╭──
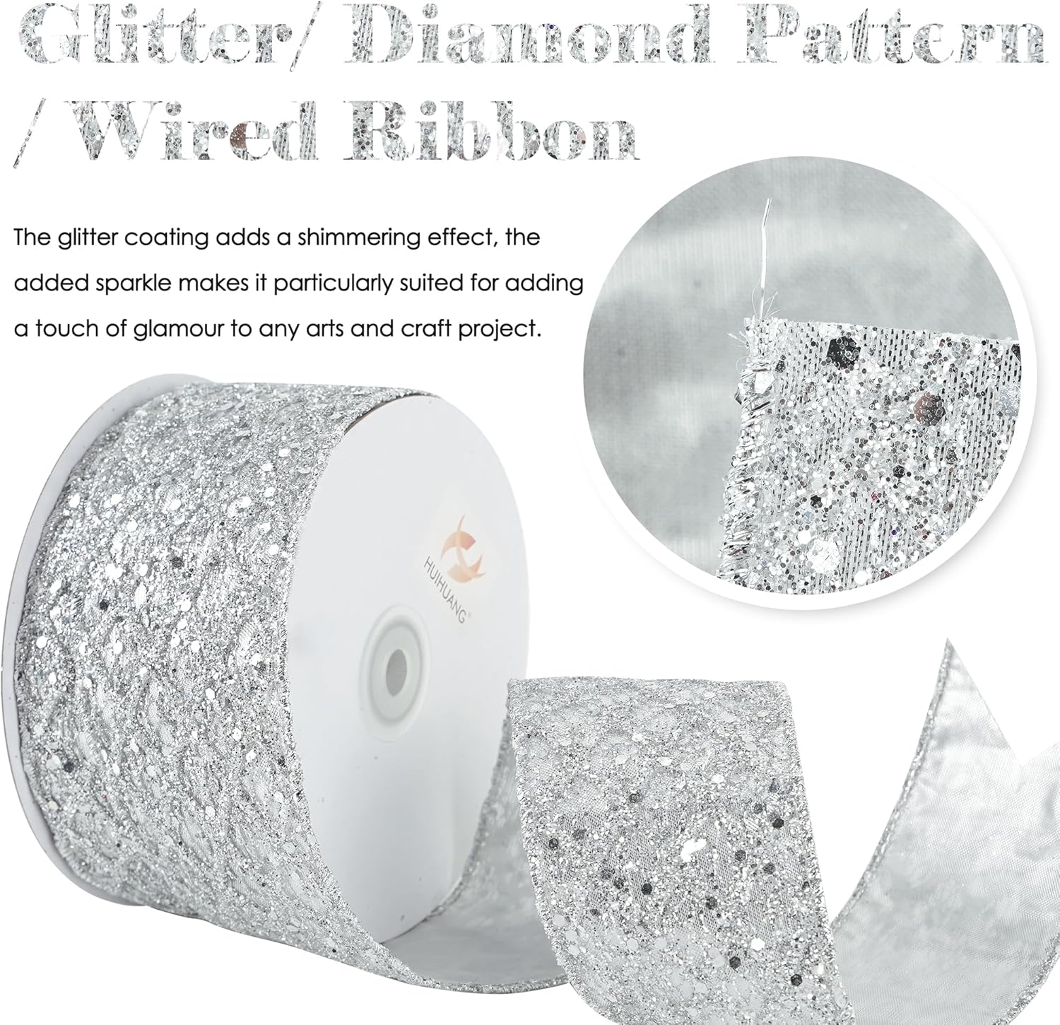 - Color: Silver glitter wired ribbon brings a bright and beautiful sparkly touchness to your decoration craft ideas and holiday gift wrapping, especially for Christmas tree decorations
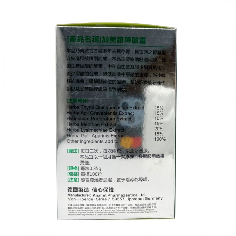 本品乃傳統古方經多年去蕪存菁,集古時之智慧配以先進科技精製而成,本品主要協助舒緩尿酸,抑制生產尿酸的酵素,中和自由基及減少脂質氧化,減少尿酸的合成;降低血液中尿酸的濃度,減少轉移的機會;緩解關節位的晶體,幫助肝機能新陳代謝以及妥善調理體質達至療效。每日三次,每次兩粒,以溫水送服。本品宜以一個月為一次療程,長期服用效果更佳。
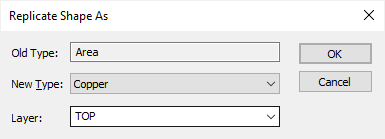 Use Replicate Shape As to copy an existing shape to a different type and maintain the same shape position. This could be used to change a documentation shape to a board outline for example. The layer will be changed if it is not suitable for the new shape type.
╰──
● EXERCISE DIRECTIONS
Repeat the material above in full and unchanged, minus its images.

● YOUR RESPONSE
 - Color: Silver glitter wired ribbon brings a bright and beautiful sparkly touchness to your decoration craft ideas and holiday gift wrapping, especially for Christmas tree decorations
 本品乃傳統古方經多年去蕪存菁,集古時之智慧配以先進科技精製而成,本品主要協助舒緩尿酸,抑制生產尿酸的酵素,中和自由基及減少脂質氧化,減少尿酸的合成;降低血液中尿酸的濃度,減少轉移的機會;緩解關節位的晶體,幫助肝機能新陳代謝以及妥善調理體質達至療效。每日三次,每次兩粒,以溫水送服。本品宜以一個月為一次療程,長期服用效果更佳。
 Use Replicate Shape As to copy an existing shape to a different type and maintain the same shape position. This could be used to change a documentation shape to a board outline for example. The layer will be changed if it is not suitable for the new shape type.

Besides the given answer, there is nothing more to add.